Все было преходяще. Она стояла на высоком берегу Борисфена, золотые кресты высились в совершенно синем небе. Как бы ломающим преграду звуком называли эту величественную реку. Днепр — слово шло из древних, неведомых времен вместе с именем города на нем. Здесь было одно из начал этого народа.

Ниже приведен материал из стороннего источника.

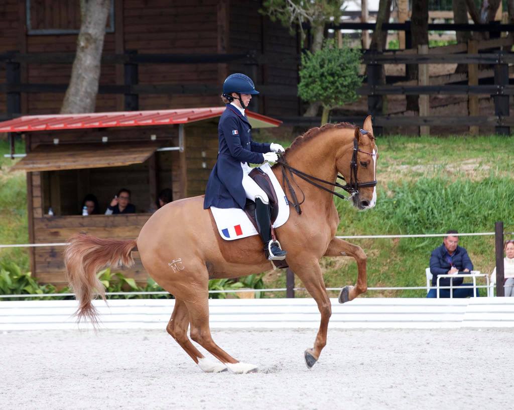 Au sixième rang, on trouve la Française Charlotte Chalvignac-Vesin sur la jument lusitanienne Elice, 11 ans. La cavalière a confié à http://www.dressprod.com que, avec 2 reprises à 69.152 % et 68.234 %, elle est satisfaite des résultats obtenus : » mettre tous les mouvements bout à bout sans fautes demande du temps, je lui fais confiance, je suis déjà très contente de nos moyennes sur ce premier Cascais« .

Десять раз по времени от Штеттина до Цербста ехали они сюда. Здесь она спросила, сколько дней надо находиться в пути, чтобы доехать до конца России. На нее посмотрели с недоумением.

— Да год, наверно. А может быть, два, — сказал ей старый дворянин, распоряжающийся их размещением в Киеве.

Оставив всех, она шла под землею в храмах и переходах. Выступали из тьмы усыпальницы неких древних князей, сумрачные лики смотрели со стен и потолков, не меняя из века в век выражения. Те же самые были они в новом, только что построенном соборе с грандиозной, в полтораста аршин, колокольней. Какая-то загадка таилась в тысячелетней застылости лиц, что перекликалась с безмерными расстояниями этой страны. И никак не сочеталась их тяжелая сумрачность с внешним сиянием бронзы, ослепительными белыми стенами, с зеленой, красной, сиреневой яркостью крыш и фасадов при теплом и чистом солнце. Роковое противоречие было в том…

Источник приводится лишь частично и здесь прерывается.